● **Required action**
Images in the records should be skipped while the rest is transcribed verbatim.

[Records drawn from a dataset]

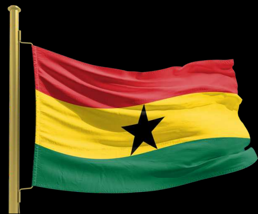
Pays invité : Ghana
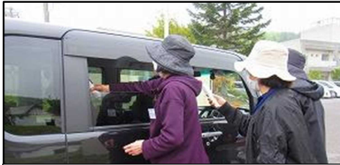
5月 西平内中 運動会の受付 体温チェックの様子
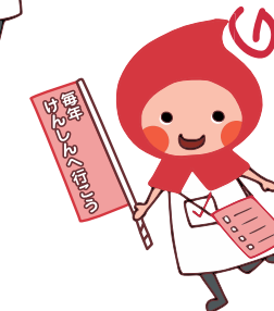
08けんしんへ行こう
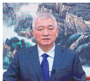
◆王志剛視像致辭。

香港文匯報訊（記者 姬文風）昨日在「創科博覽2022」開幕禮上，國家科技部部長王志剛透過視像致辭時表示，經中央政府批准同意，科技部與特區政府將於近日正式續簽《內地與香港關於加快建設香港國際科技創新中心的安排》。科技部將在中央對港工作方針的指引下，推動內地和香港科技界攜手並進，繼往開來，充分發揮香港獨特的科技創新優勢，深入推進香港「一國兩制」實踐，為加快科技自立自強，建設科技強國作出新的、更大的貢獻。
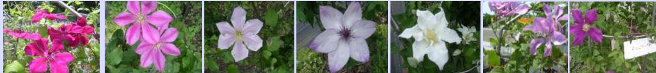
アラーナ トリーヌ 桜吹雪 フォントメリー サーロモン マーガレットハート ジュビリー70 など

風のガーデンは、相模原クレマチスの会（麻溝公園ボランティア団体）が管理しています
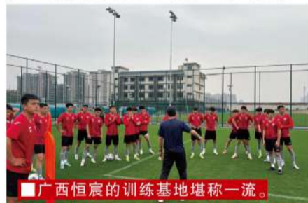
广西恒宸的训练基地堪称一流。

每年参赛球队的数量是不一样的,而且最近这几年,中乙联赛的赛制也不一样,所以我觉得这方面不能按照一个标准去比较。我们就是专注于比赛,一场一场拼。
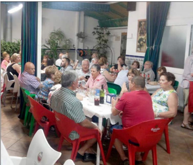
Aspecto que presentaba la terraza de la entidad.
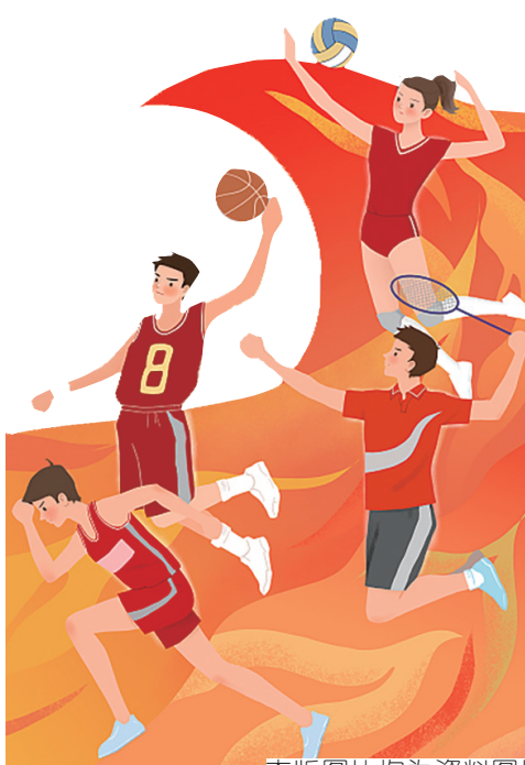
本版图片均为资料图片

文章语言表达准确，实验的过程描写得干净利落，作者紧紧抓住人物的心理描写和神态描写，细致入微，让作文更加生动有趣。
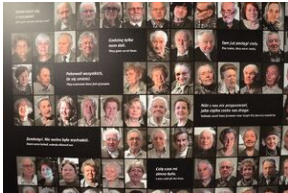
Wystawa o zesłańcach na Syberię w Forcie Skotniki.
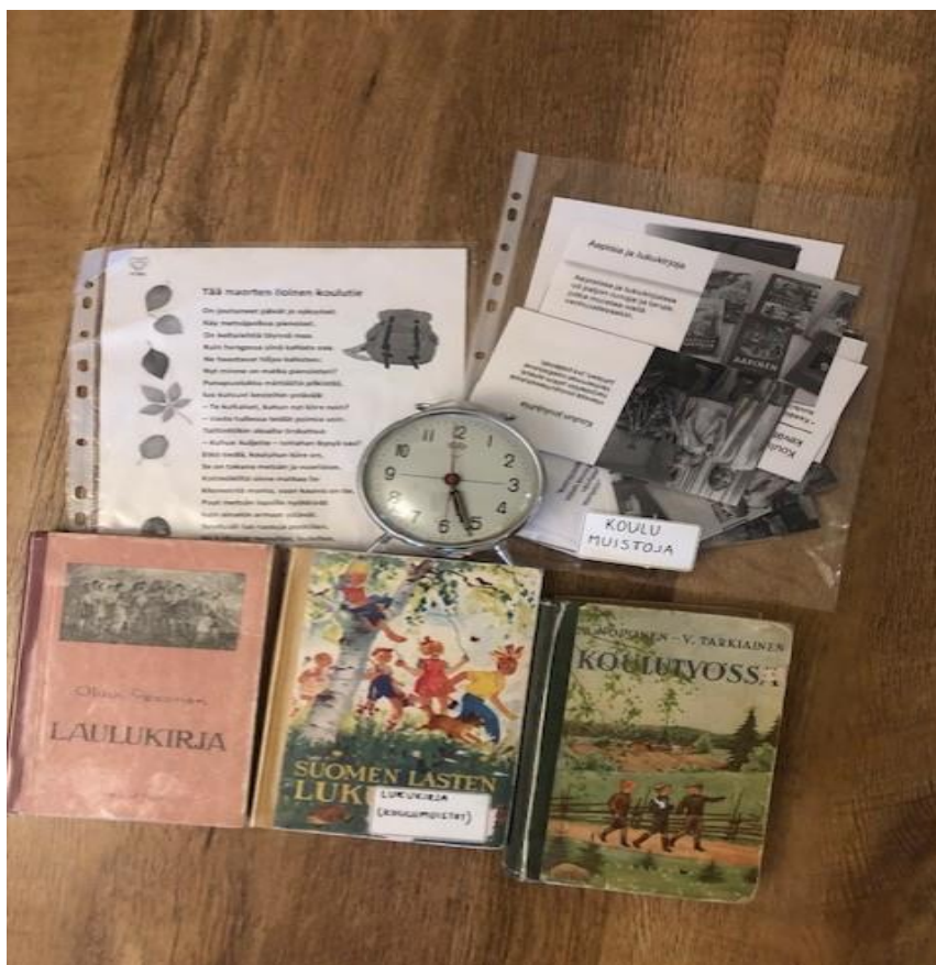
Kuva 7. Koulumuistoja-tuokio.
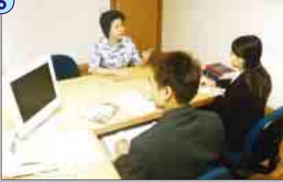
黎女士開始向調查員道出事實始末。
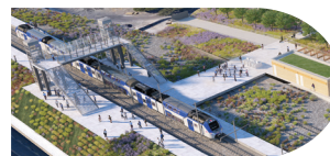
CRÉATION DES QUAIS TER

L'actuelle gare de Nice Saint-Augustin sera déplacée sans aucune interruption de service au niveau du nouveau Pôle d'Échanges Multimodal.
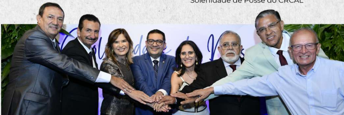
Solenidade de Posse do CRCAL
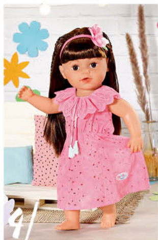
4 | BABY born Květinové šatičky, 43 cm šatičky a čelenka. součástí je ramínko. 832684
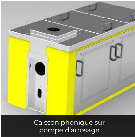
Caisson phonique sur pompe d'arrosage
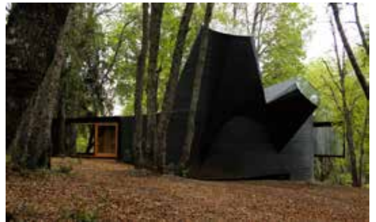
House for the Poem of the Right Angle, Amérique du Sud, 2014
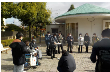
バリアフリー推進パートナーや当事者によるまち歩き点検(福島市)
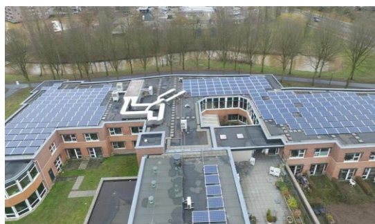
Atlant, verpleeghuis Heemhof

Atlant bestaat uit diverse verpleeghuizen en woonzorgcentra. Ze bieden huisvesting, verzorging, verpleging en begeleiding aan cliënten. Daarnaast maken cliënten die nog zelfstandig wonen ook gebruik van de voorzieningen die Atlant biedt. Atlant is gespecialiseerd in de juiste (verpleeghuis)zorg aan patiënten met Korsakov, Huntington, dementie of CPV (Chronisch Psychiatrische Verpleeghuiszorg). De zorggroep heeft zo'n 1.450 medewerkers (962 fte) en in het begin van 2020 760 vrijwilligers. Op negen locaties binnen de gemeente Apeldoorn ondersteunen zij ruim 900 mensen 24 uur per dag, waarvan iets meer dan 700 intramuraal.
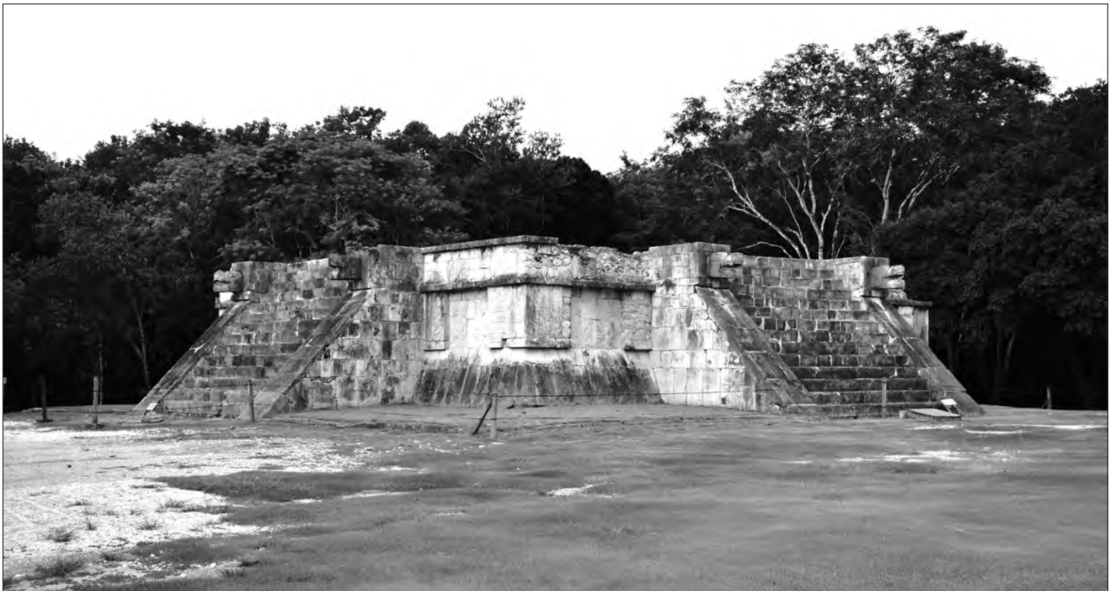
▲ En Chichén Itzá, Venus fue representado precisamente en la plataforma que lleva su nombre.

VENUS TUVO UN papel muy importante en las antiguas culturas y al parecer lo tendrá ahora para nosotros si se confirma lo descubierto por los científicos recientemente.
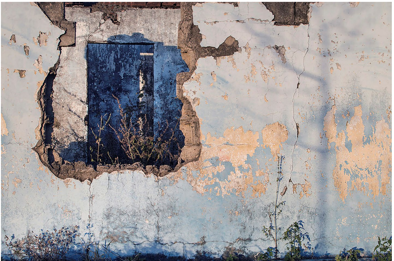
Imagem 3. Tainá Xavier, fotografia 3 da série “sobre escombros e poesia”, 2017. Fotografia Digital, 40cmX27,11cm. Goiás, 2017.
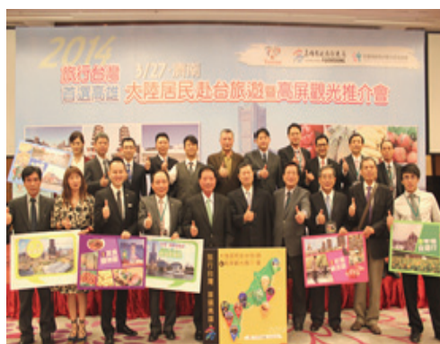
於山東濟南舉辦高屏聯合觀光推介會
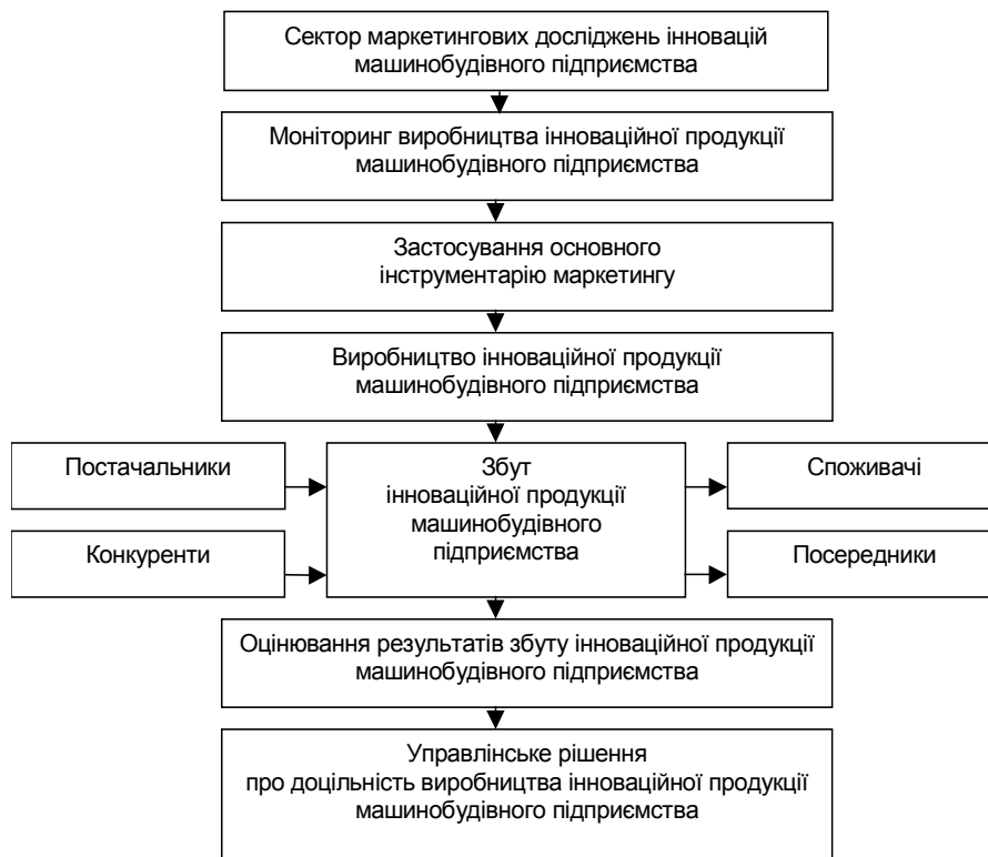
Рис. 3. Алгоритм інноваційного розвитку машинобудівного підприємства із застосуванням маркетингової концепції

Алгоритм інноваційного розвитку машинобудівного підприємства із застосуванням маркетингової концепції подано на рис. 3.
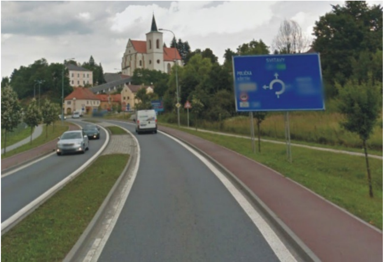
Obr. 5 Různorodost dopravního prostředí v rámci sítě TEN-T
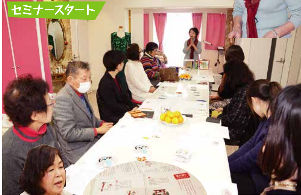
セミナースタート
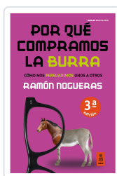
POR QUÉ COMPRAMOS LA BURRA NOGUERAS PÉREZ, RAMÓN
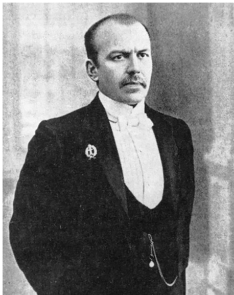
Павел Федорович Булацель

П. Ф. Булацель о «плутократическом произволе» западноевропейской демократии. Согласно с другими монархистами в оценках западноевропейского парламентаризма и активный деятель монархических организаций — «Русского собрания», «Союза русского народа» и «Русского народного союза имени Михаила Архангела» — Павел Федорович Булацель (1867–1919). Он считал, что конституционализм Запада сам по себе пагубен, и это обстоятельство постепенно осознает даже само западное общество. Парламентаризм приводит к тому, что «парламентская болтовня и партийные интриги» не дают никакого счастья широким народным массам. Выгодополучателем от западной демократии является «небольшой кружок политиканов», которые захватывают власть и управляют странами Европы путем «подкупов, избирательных мошенничеств и разных интриг», «высасывают все средства из народа, непосвященного в эту чудовищную игру» 59 . Ссылаясь на авторитет
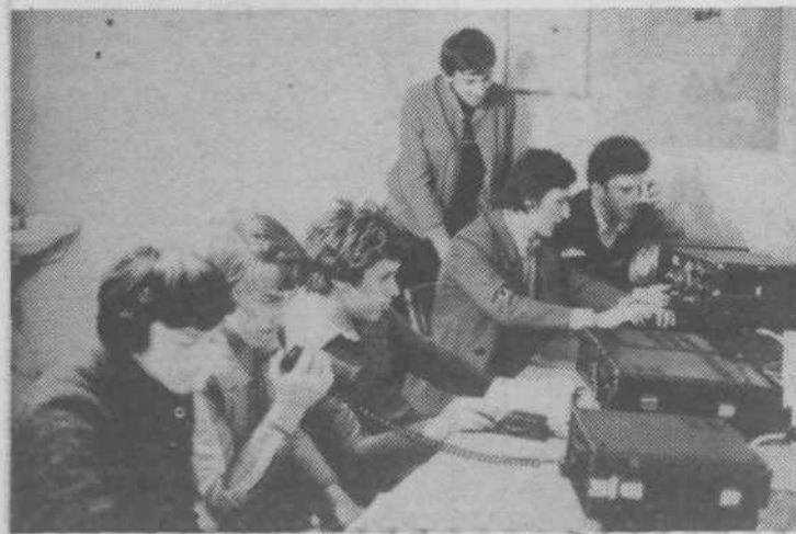
Radioamaterji ob novih radijskih oddajnikih

velik problem. Na začetku je večkrat kazalo, da društvo ne bo moglo začeti, saj ni bilo niti ustreznih prostoro-
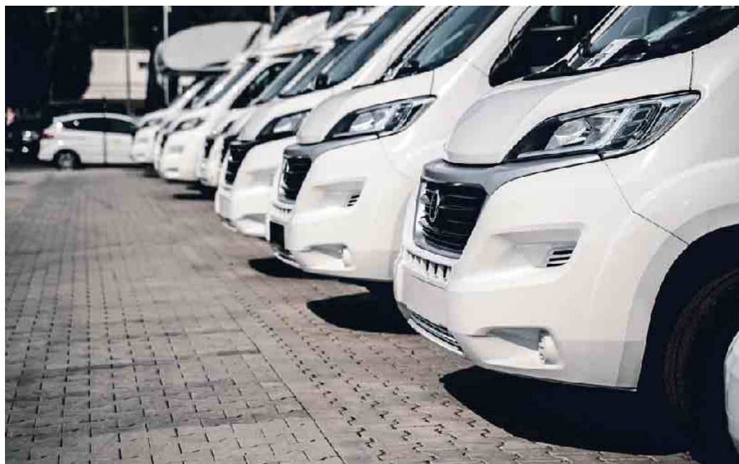
Wohnwagen sind aktuell sehr beliebt.
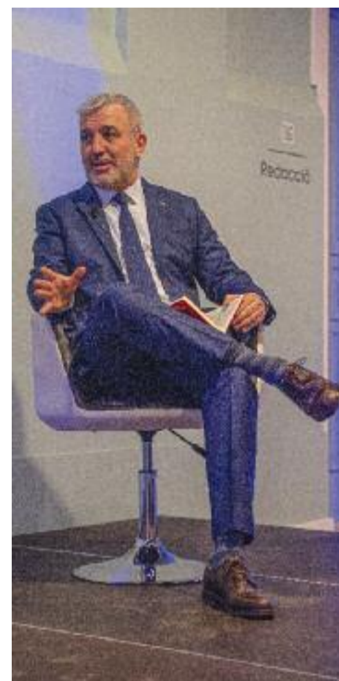
La sala de conferències de l'Espai Línia es va omplir per escoltar Jaume Collboni.
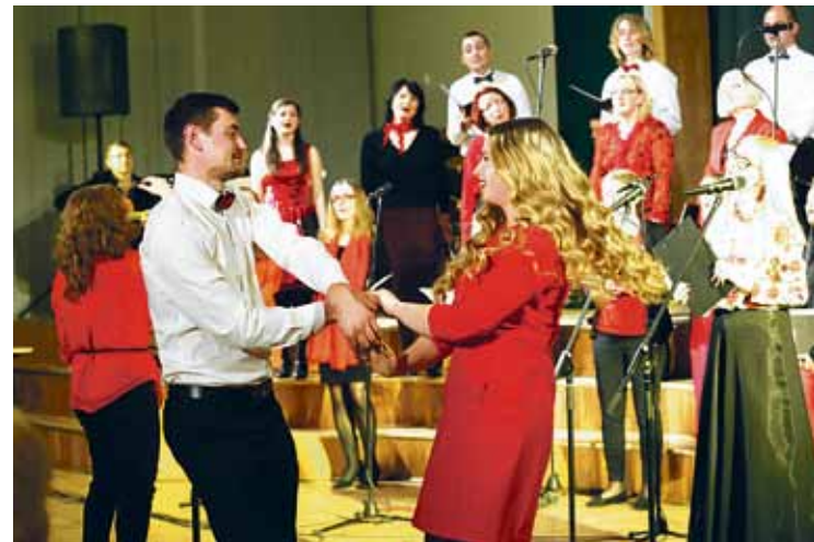
Mirkļis no koncerta „Mīlestības dziesmas”.

Ķekavas novadā februāris kultūras programmā iezīmējās ar daudzveidīgiem pasākumiem, kas tika veltīti mūžīgi skaistajai un smeldzīgajai mīlestības tēmai.
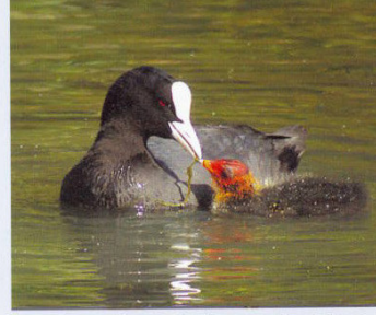
நவம்பர் - டிசம்பர் மாதங்களில் அதிக அளவில் வரும் நாமக்கோழி
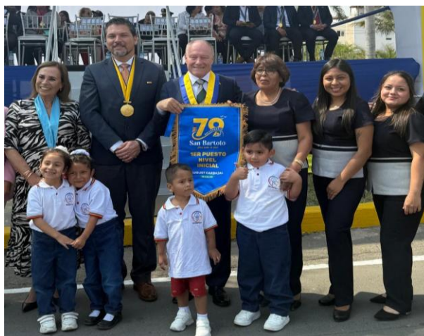
Imagen: Participación en el Aniversario del distrito de San Bartolo (05.05.2025)

En mi participación resalté el carácter emprendedor del distrito, así como sus atractivos turísticos y comerciales, pues San Bartolo ha sido testigo de innumerables transformaciones, desde sus inicios como una pequeña zona veraniega hasta convertirse en un importante destino de recreación, deporte y cultura.

● **Exercise answer**
Pays invité : Ghana
5月 西平内中 運動会の受付 体温チェックの様子
08けんしんへ行こう
◆王志剛視像致辭。

香港文匯報訊（記者 姬文風）昨日在「創科博覽2022」開幕禮上，國家科技部部長王志剛透過視像致辭時表示，經中央政府批准同意，科技部與特區政府將於近日正式續簽《內地與香港關於加快建設香港國際科技創新中心的安排》。科技部將在中央對港工作方針的指引下，推動內地和香港科技界攜手並進，繼往開來，充分發揮香港獨特的科技創新優勢，深入推進香港「一國兩制」實踐，為加快科技自立自強，建設科技強國作出新的、更大的貢獻。
アラーナ トリーヌ 桜吹雪 フォントメリー サーロモン マーガレットハート ジュビリー70 など

風のガーデンは、相模原クレマチスの会（麻溝公園ボランティア団体）が管理しています
广西恒宸的训练基地堪称一流。

每年参赛球队的数量是不一样的,而且最近这几年,中乙联赛的赛制也不一样,所以我觉得这方面不能按照一个标准去比较。我们就是专注于比赛,一场一场拼。
Aspecto que presentaba la terraza de la entidad.
本版图片均为资料图片

文章语言表达准确，实验的过程描写得干净利落，作者紧紧抓住人物的心理描写和神态描写，细致入微，让作文更加生动有趣。
Wystawa o zesłańcach na Syberię w Forcie Skotniki.
Kuva 7. Koulumuistoja-tuokio.
黎女士開始向調查員道出事實始末。
CRÉATION DES QUAIS TER

L'actuelle gare de Nice Saint-Augustin sera déplacée sans aucune interruption de service au niveau du nouveau Pôle d'Échanges Multimodal.
Solenidade de Posse do CRCAL
4 | BABY born Květinové šatičky, 43 cm šatičky a čelenka. součástí je ramínko. 832684
Caisson phonique sur pompe d'arrosage
House for the Poem of the Right Angle, Amérique du Sud, 2014
バリアフリー推進パートナーや当事者によるまち歩き点検(福島市)
Atlant, verpleeghuis Heemhof

Atlant bestaat uit diverse verpleeghuizen en woonzorgcentra. Ze bieden huisvesting, verzorging, verpleging en begeleiding aan cliënten. Daarnaast maken cliënten die nog zelfstandig wonen ook gebruik van de voorzieningen die Atlant biedt. Atlant is gespecialiseerd in de juiste (verpleeghuis)zorg aan patiënten met Korsakov, Huntington, dementie of CPV (Chronisch Psychiatrische Verpleeghuiszorg). De zorggroep heeft zo'n 1.450 medewerkers (962 fte) en in het begin van 2020 760 vrijwilligers. Op negen locaties binnen de gemeente Apeldoorn ondersteunen zij ruim 900 mensen 24 uur per dag, waarvan iets meer dan 700 intramuraal.
▲ En Chichén Itzá, Venus fue representado precisamente en la plataforma que lleva su nombre.

VENUS TUVO UN papel muy importante en las antiguas culturas y al parecer lo tendrá ahora para nosotros si se confirma lo descubierto por los científicos recientemente.
Imagem 3. Tainá Xavier, fotografia 3 da série “sobre escombros e poesia”, 2017. Fotografia Digital, 40cmX27,11cm. Goiás, 2017.
於山東濟南舉辦高屏聯合觀光推介會
Рис. 3. Алгоритм інноваційного розвитку машинобудівного підприємства із застосуванням маркетингової концепції

Алгоритм інноваційного розвитку машинобудівного підприємства із застосуванням маркетингової концепції подано на рис. 3.
Obr. 5 Různorodost dopravního prostředí v rámci sítě TEN-T
セミナースタート
POR QUÉ COMPRAMOS LA BURRA NOGUERAS PÉREZ, RAMÓN
Павел Федорович Булацель

П. Ф. Булацель о «плутократическом произволе» западноевропейской демократии. Согласно с другими монархистами в оценках западноевропейского парламентаризма и активный деятель монархических организаций — «Русского собрания», «Союза русского народа» и «Русского народного союза имени Михаила Архангела» — Павел Федорович Булацель (1867–1919). Он считал, что конституционализм Запада сам по себе пагубен, и это обстоятельство постепенно осознает даже само западное общество. Парламентаризм приводит к тому, что «парламентская болтовня и партийные интриги» не дают никакого счастья широким народным массам. Выгодополучателем от западной демократии является «небольшой кружок политиканов», которые захватывают власть и управляют странами Европы путем «подкупов, избирательных мошенничеств и разных интриг», «высасывают все средства из народа, непосвященного в эту чудовищную игру» 59 . Ссылаясь на авторитет
Radioamaterji ob novih radijskih oddajnikih

velik problem. Na začetku je večkrat kazalo, da društvo ne bo moglo začeti, saj ni bilo niti ustreznih prostoro-
Wohnwagen sind aktuell sehr beliebt.
La sala de conferències de l'Espai Línia es va omplir per escoltar Jaume Collboni.
Mirkļis no koncerta „Mīlestības dziesmas”.

Ķekavas novadā februāris kultūras programmā iezīmējās ar daudzveidīgiem pasākumiem, kas tika veltīti mūžīgi skaistajai un smeldzīgajai mīlestības tēmai.
நவம்பர் - டிசம்பர் மாதங்களில் அதிக அளவில் வரும் நாமக்கோழி
Imagen: Participación en el Aniversario del distrito de San Bartolo (05.05.2025)

En mi participación resalté el carácter emprendedor del distrito, así como sus atractivos turísticos y comerciales, pues San Bartolo ha sido testigo de innumerables transformaciones, desde sus inicios como una pequeña zona veraniega hasta convertirse en un importante destino de recreación, deporte y cultura.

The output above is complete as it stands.